Dec. 17, 2002 -- A new method for identifying Down syndrome in fetuses may reduce or even eliminate the need for amniocentesis in many pregnant women. Researchers in the U.K. found that ultrasound images of the nose of the developing fetus during the second trimester can accurately predict the risk of the chromosomal birth defect.
Down syndrome is a genetic condition resulting from an extra chromosome and leads to developmental delays and various congenital heart and gastrointestinal abnormalities.
Lead researcher Kypros Nicolaides, MD, tells WebMD that by combining this and other ultrasound observations with blood testing, the detection rate for Down syndrome is comparable to the invasive genetic test amniocentesis, which carries a risk for miscarriage of about 0.5%.
"About 375,000 amniocenteses are performed every year in the U.S., resulting in about 375 miscarriages," he says. "There are massive medical and emotional costs to this, and we believe that much of this is unnecessary."
For more than a decade, investigators have studied ultrasound as an alternative approach for detecting Down syndrome. Most have focused on the usefulness of measuring fluid behind the neck of the fetus. But a review of studies published last year concluded that while the method is useful, it is not sensitive enough to be a practical test.

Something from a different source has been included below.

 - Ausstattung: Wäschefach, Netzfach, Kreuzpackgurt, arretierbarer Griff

In earlier research, Nicolaides and colleagues from London's King's College Hospital found that an underdeveloped fetal nasal bone is a predictor of Down syndrome. The researchers identified the underdeveloped bone in about 70% of fetuses with the chromosomal abnormality, and only about 1% of normal fetuses.

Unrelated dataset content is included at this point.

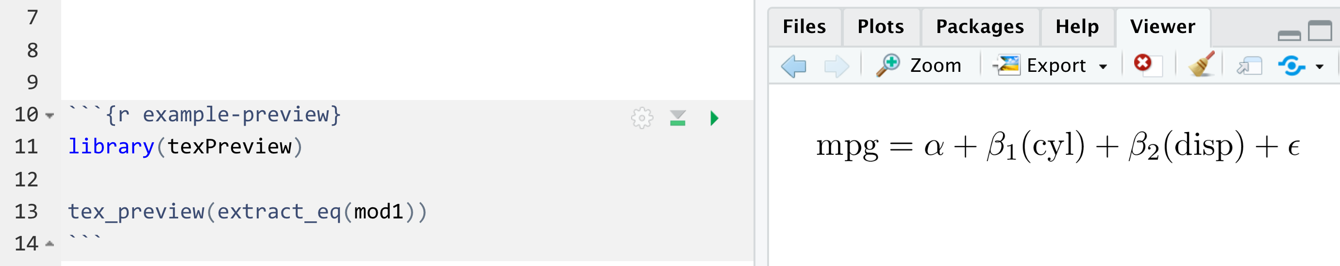 package to preview the equation in RStudio:

In this study, reported in the journal Ultrasound in Obstetrics and Gynecology, the researchers examined the frequency of finding absent nasal bones in chromosomally normal and abnormal fetuses during the second trimester. They found that the bone was underdeveloped in 62% of the fetuses with Down syndrome, but, again, in only about 1% of normal fetuses.

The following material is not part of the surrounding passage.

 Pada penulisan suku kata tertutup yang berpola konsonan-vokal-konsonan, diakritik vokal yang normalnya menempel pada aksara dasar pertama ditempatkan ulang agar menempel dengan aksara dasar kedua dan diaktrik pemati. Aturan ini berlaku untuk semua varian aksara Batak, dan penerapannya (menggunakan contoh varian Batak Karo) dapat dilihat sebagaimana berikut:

Nicolaides says the accuracy of the observation is far greater than any other ultrasound method so far studied. The risk of Down syndrome is increased by a factor of 10 in fetuses with thicker-than-normal necks, but it is increased by a factor of 50 in fetuses with the nose anomaly.
"A woman who is 40 has a one in 80 chance of having a baby with Down [syndrome], but if the nose is normal the risk is one-third of that, or one in 240," Nicolaides says. "For a 35-year-old woman with a background risk of one in 300, that risk is lowered to one in 1,000. A woman who knows this would be much less likely to accept the risks of amnio."
Genetic ultrasound expert Anthony Vintzileos, MD, tells WebMD that studies he and several other researchers have conducted on nasal bone development in fetuses suggests that the sensitivity of the observation is lower than that found in the new study. Nasal bone was absent in 41% of the fetuses with Down syndrome that he studied, and other studies also suggest this rate of sensitivity.
"From the clinical utility point of view the presence of the nasal bone may not mean much, because we found that more than half of the Down fetuses had it," he says. "But if you don't find it there is clearly something wrong."
Rebecca Smith-Bindman, MD, who conducted the analysis of past ultrasound studies, says it is not yet clear whether ultrasound screening represents an advance over serum blood screening, which, she adds, is widely underutilized in the United States.
"We ignore the best current methods to estimate risk, and still rely far too heavily on maternal age to determine who should and should not have amniocentesis," she says. "Serum blood testing could reduce the need for amnio in older women by 75%."